そして両側のマンションのように水平に連続する単調なファサードが常套となり、画一的な街並みが生み出される。

 1階路面部分にはテナントスペースを設け、既に飲食店が入ることが決まっている。


 市松の透かし積みはエントランスにも。


 エントランスからテナントへは敷地の形状に合わせて庇がせり出している。
右に見える煉瓦は他の煉瓦より小さい通常のサイズで、透かしの間隔も狭くなっている。ファサード全体に使われている煉瓦は特注サイズで幅を広くし、透かしの間隔を開け光の透過を多くなるようにした。


 ダークなエントランスホール。


 廊下もかなりダーク。


 部屋へ入ると一転白いインテリア。透かし積みのスクリーンがプライバシーを確保しつつも採光し、インテリアのアクセントにもなっている。
この一室は仲介会社がモデルルームとして家具を置いている。

室内はオーソドックスな設計を求められた。各住戸は41m2前後の1LDKで、家賃は18万円台から21万円まである。

 寝室。数日前に行われた最初のオープンハウスで既に1/3の入居が決まったそうだ。


 透かし積みは開口のすぐ外ではなくバルコニーの奥行き1m分離れているので、半屋外的な空間が出来上がる。下階の同位置は開放されているので地上に向かって口が開いているように見える。
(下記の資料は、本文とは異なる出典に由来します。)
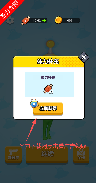 2、再点击观看广告领取体力。

 バルコニーに出てみる。上の写真と逆の状況で、見上げると上階の開口が見える。


 目を転じると徒歩6〜7分の東京ミッドタウンが望める。


 1mの奥行きは避難はしごユニットのサイズからきている。前述のように殆ど避難経路としてしか使われないバルコニーはサイズを抑え、煉瓦を使う分のコストを相殺するようにした。
ちなみに上階の避難ハシゴはこの二層 “吹き抜け空間” を降りていくことになる。

 瀬戸で作られた特注の煉瓦は約5,000個。5つ穴が開けられており、左右は芯を通すためで、中の3つは軽量化のためだ。
煉瓦も経年によって汚れてはくるが、それが単なる古さではなく、風合いを伴うビンテージ感が増す効果があり、建物の価値が落ちにくいと考えた。


他の部屋へ。
 1002号室。



 1003号室。透かし積みの箇所はそのままで、ない箇所はカーテンを使えばよい。



木下昌大さん(左)と、アトリウムの担当亀田竜生さん(右)。
「街の風景を刷新するような集合住宅の新しいプロトタイプを目指しました。内からはカーテンの開閉によるon/offだけではないセミオープンな環境をつくることが出来ました。透かし積みをふかすことで空間が外に拡がっているようにも感じてもらえるのではないでしょうか。」と木下さん。
「後発の会社にとってなかなかチャレンジングな建物は難しいですが、枠の中でもやりたくない。そんな中で木下さんの案はバランスが良く担当としてなんとしても実現させたいと思わせるものがありました。」亀田さん。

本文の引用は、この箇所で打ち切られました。